Listed Building – Grade II
- Designated: 26 July 2018; 8 years ago
- Reference no.: 1454719

= Haringey Civic Centre =

Municipal building in London, England

Haringey Civic Centre is a municipal building in High Road, Wood Green, London. The town hall, which is the headquarters of Haringey London Borough Council, is a Grade II listed building.

==History==
The building was commissioned by the Municipal Borough of Wood Green to replace the ageing Wood Green Town Hall in High Road. After the old town hall had become inadequate for the council's needs, civic leaders decided to build a new town hall: the site selected for the new building, which was further south on High Road, had previously been occupied by some 19th residential properties known as the Fishmongers' and Poulterers' Almshouses.

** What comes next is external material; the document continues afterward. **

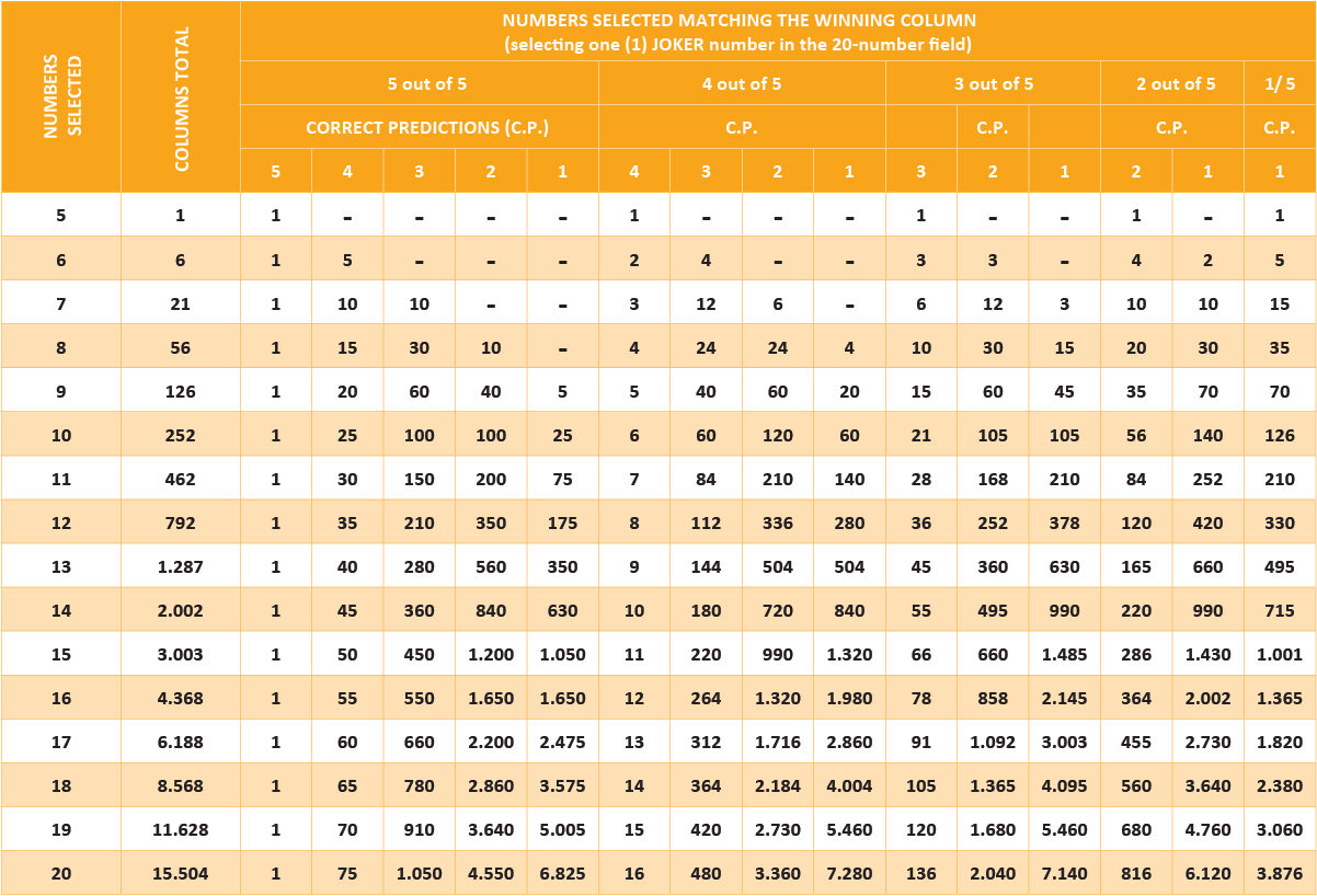 If TZOKER number is correctly predicted, then all winnings mentioned above are included in categories 5+1, 4+1, 3+1, 2+1, ή 1+1.

Construction work on the building, which was undertaken by Gee, Walker & Slater, started in 1956. The new building was designed by Sir John Brown, A E Henson and Partners and was officially opened by the local member of parliament, Joyce Butler, as Wood Green Civic Centre on 15 March 1958. The design, which was influenced by Aarhus City Hall and Søllerød Town Hall, both in Denmark, envisaged a public area in the southern part of the building and workspace for council officers and their departments in the northern part of the building. It involved an asymmetrical main frontage facing onto High Road; the southern section featured a large projecting glass frontage with a doorway on the ground floor while the northern section of the frontage comprised nine bays with windows on each of the ground, first and second floors. Internally, the principal rooms were the council chamber behind the glass frontage on the first floor and the mayor's parlour in the west wing of the building. The council chamber was designed with an unusual suspended ceiling which sloped down to the back of dais on which the mayor sat.

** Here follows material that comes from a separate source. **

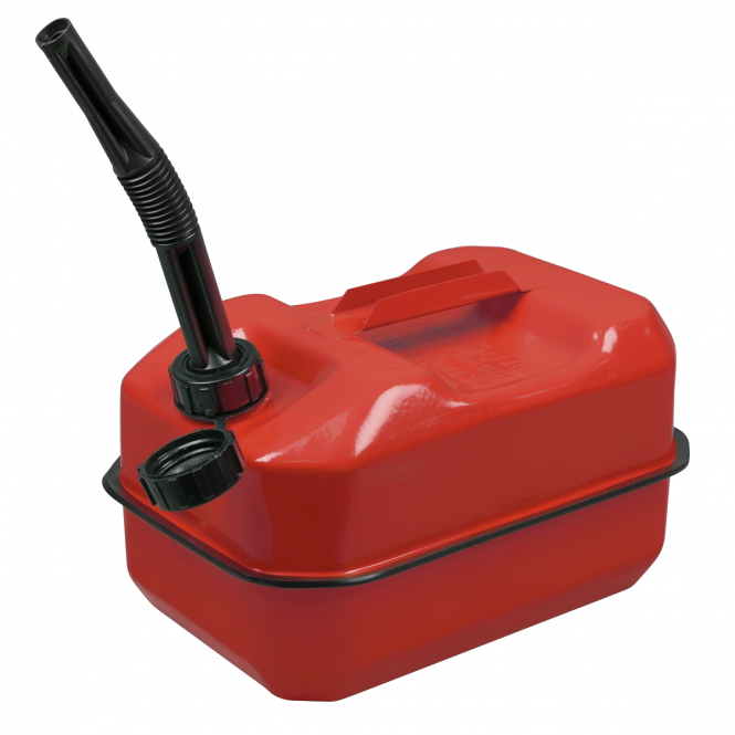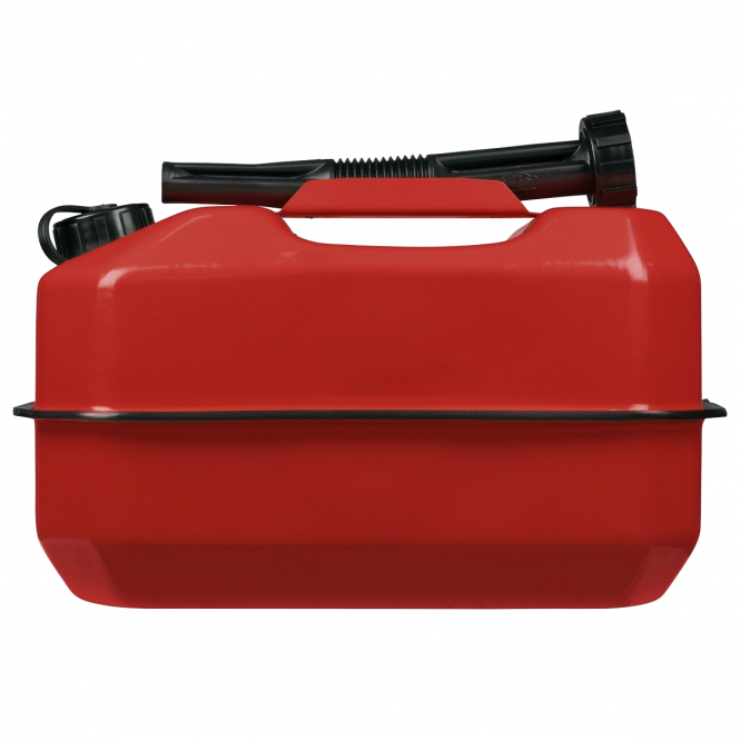 Wide flat design prevents tipping, making it ideal for transportation. Internal coating protects against corrosion to avoid fuel contamination. Handle design keeps the pouring spout in place when not in use.

An underground nuclear fall-out shelter was established in the basement but a public hall, which had been intended for the site, was never built. The building continued to be the local seat of government, as Haringey Civic Centre, when the enlarged London Borough of Haringey was formed in 1965. A Citizens Advice Bureau was established in the building in 1975; although now known as Citizens Advice Haringey, it continues to operate from the centre. Many of the council officers and their departments moved to River Park House further south on High Road in 2005.

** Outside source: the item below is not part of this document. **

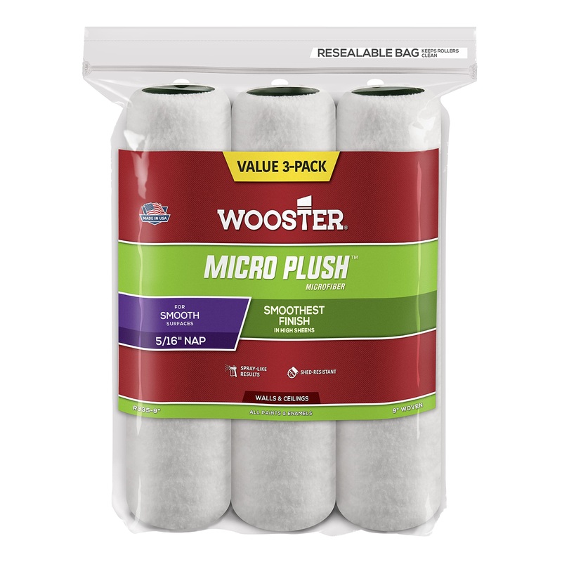 Wooster R335-9 Micro Plush Roller Cover with 5/16" Nap (3 Pack), 9 inches, WhiteKey Features:White Microfiber Fabric Creates Smooth, Uniform ResultsExcellent For All Paints & Enamels, Including Low Voc & Deep ColorsGreen Double-Thick Polypropylene Core Res

In 2017 the civic centre, much of which is now unused, was the subject of a consultation on regeneration options including possible replacement, but after English Heritage listed the building in July 2018, the regeneration options became more restricted. English Heritage praised its "Scandinavian influence, transparency and modernity."

In 2026, the council initiated a programme of works, being carried out by Sisk Group to a design by Hawkins\Brown, to refurbish the civic centre, which is due to reopen in 2027.